Asistencia sin cinturón (para subir)
- La persona mayor se colocará delante de la escalera, de pie, sujetándose con la mano dominante al pasamanos o barandilla.
- El asistente se colocará inicialmente a su lado, pero ligeramente por detrás.
Asistencia sin cinturón (para bajar)
Para bajar las escaleras se sigue el mismo proceso, pero el asistente no se situará detrás, ya que el riesgo de precipitación es hacia delante. Por lo tanto, se colocará lateralmente y un peldaño por delante.

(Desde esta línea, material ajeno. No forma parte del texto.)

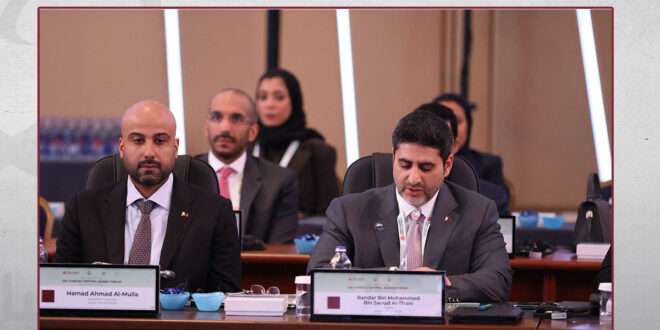 مثل دولة قطر في الاجتماع سعادة الشيخ “بندر بن محمد بن سعود آل ثاني” محافظ مصرف قطر المركزي.

Paso de seguridad para limitaciones físicas
Si la persona tiene dificultad en una pierna, lo más seguro es colocar primero el pie más fuerte (o menos afectado) al subir. Al bajar, se invierte el orden y se coloca primero el pie más débil. Mientras sube o baja, la persona mayor debe mantener, en todo momento, una mano apoyada en la barandilla. Cuando ascienden escaleras, muchas personas mayores quieren acelerar o hacer pasos largos, lo cual puede ser arriesgado. Mientras suba o baja la persona siempre debe usar la barandilla, mantener el tronco recto y centrar la atención en el trabajo de piernas y pies.

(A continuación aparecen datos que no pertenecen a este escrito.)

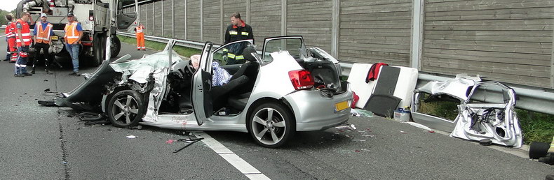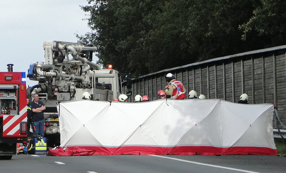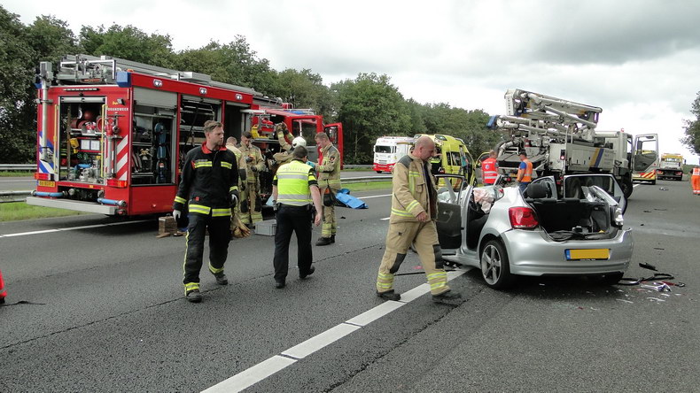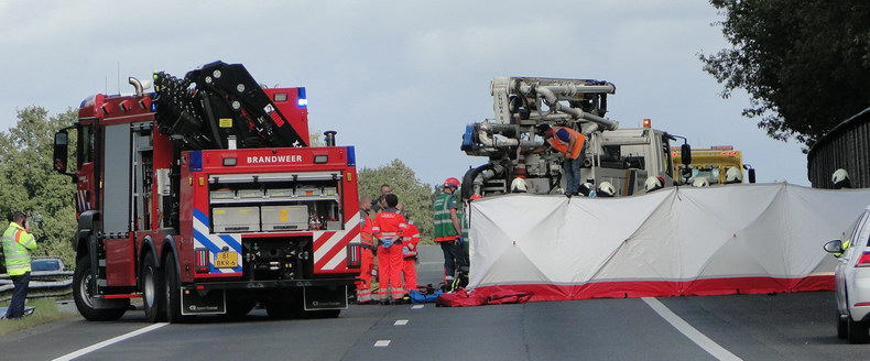 | A28: VW knalt op achterzijde betonpomp achter in file; zwaargewonde |

Ejercicios para fortalecer la movilidad y el equilibrio
Mantener una vida activa es beneficioso para la salud. Subir y bajar pequeños tramos de escaleras diariamente, siempre que no haya patologías que lo impidan, tiene numerosos beneficios para las personas mayores. Esta actividad está recomendada solo para personas con demencia que, según valoración médica y funcional, puedan realizarla de forma segura. Se excluyen las personas con debilidad muscular, problemas de equilibrio, alteraciones severas de la marcha, o alteraciones perceptuales o sensoriales que les impidan realizar esta actividad aun con ayuda. Siempre que sea posible, se recomienda realizar estos ejercicios diariamente en dos ocasiones.
- Ejercicios de equilibrio dinámico y estático: Trabajan la capacidad del cuerpo para mantener el centro de gravedad sobre la base de apoyo.
- Ejercicios de fortalecimiento de miembros inferiores: Subir escaleras exige que los cuádriceps, los glúteos y los músculos de la pantorrilla trabajen contra la gravedad.
- Ejercicios de coordinación y marcha: Caminar de formas variadas enseña al cuerpo a adaptarse a situaciones impredecibles, exactamente como las que se presentan al subir escaleras con fatiga o cambios de luz.